まことに長々のご無沙汰にて、申し訳ありませんでした。八月の末に『謹訳源氏物語』の完成祝賀会を東京会館で開催し、そのご報告をここに出すつもりでいたところが、猛烈ないそがしさのために取り紛れ、ついに時宜を逸してしまいました。
祝賀会は、観世流お家元観世清和師の仕舞『源氏供養』ならびに祝言付謡「四海波」に始まり、鹿島茂さん、千住博さん、三浦しをんさん、そして元新潮社の名編集者として名高い柴田光滋さん、また平凡社の名編集者であって『イギリスはおいしい』の生みの親であった山口稔喜さん、声楽家の嶺貞子さん、国文学者の長谷川政春さんと、各界からのご祝辞をいただき、また、テノールの勝又晃さんと、ソプラノの鵜木絵里さんに、ヴェルディのトラヴィアータから、有名な乾杯の歌を歌ってきただきました。乾杯の音頭は俳人の西村和子さんが取ってくださいました。まことに和気あいあいたる、そして中身の濃いお話ばかりの、楽しいひとときでありました。
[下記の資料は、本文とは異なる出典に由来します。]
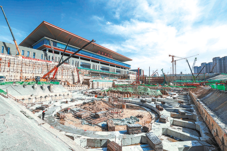 北京朝陽站(原星火站)是《北京城市總體規(guī)劃(2016年-2035年)》確定的本市鐵路對外客運(yùn)樞紐之一。北京朝陽站交通樞紐工程總建筑面積13.3萬平方米,包括北側(cè)公交立體停車樓和南側(cè)樞紐換乘大廳。同時(shí),地鐵星火站作為地鐵3號線、R4線的換乘站,位于交通樞紐地下,基坑最深處位于地下40米,相當(dāng)于13層住宅樓的高度。

最後には私もつい調子にのって、勝又君と二人で、自作の訳詩による『アロハオエ』のデュエットまで披露してしまうという、破天荒なる祝賀会となりましたが、皆さん楽しんでくださったようです。
さて、その後はまた、原稿書き、次の本『イギリスからの手紙』の原稿整斉、さらに立て続く講演と席の温まる暇のない毎日を送っています。
さるなか、北九州の苅田町へ、恒例の講演をしにいってきました。
同町の市民カレッジの名誉学長を仰せつかっている関係で、毎年秋に講演をしにいきます。ことしは『謹訳源氏物語を書き終えて』と題して、源氏の話をしてきました。
翌日は、一日空き時間を作って、苅田町から行橋市にかけて、海沿いの田園を逍遥してきました。沓尾漁港、八津田、浜の宮、そして豊前松江、宇島のあたりをと往きこう行きして、美しい田園の景色をたのしんできたのでした。
掲出の写真は、その八津田のあたりの無名の野の景色です。これぞ日本の秋、というすすき野の景色は心和むものがあります。さすがに、このあたりはあの嫌らしいセイタカアワダチソウも見当たらず、すすきと彼岸花が盛りの色を見せていました。ああ、日本の秋は美しいなあ。どうぞ、写真をクリックし、拡大してご覧ください。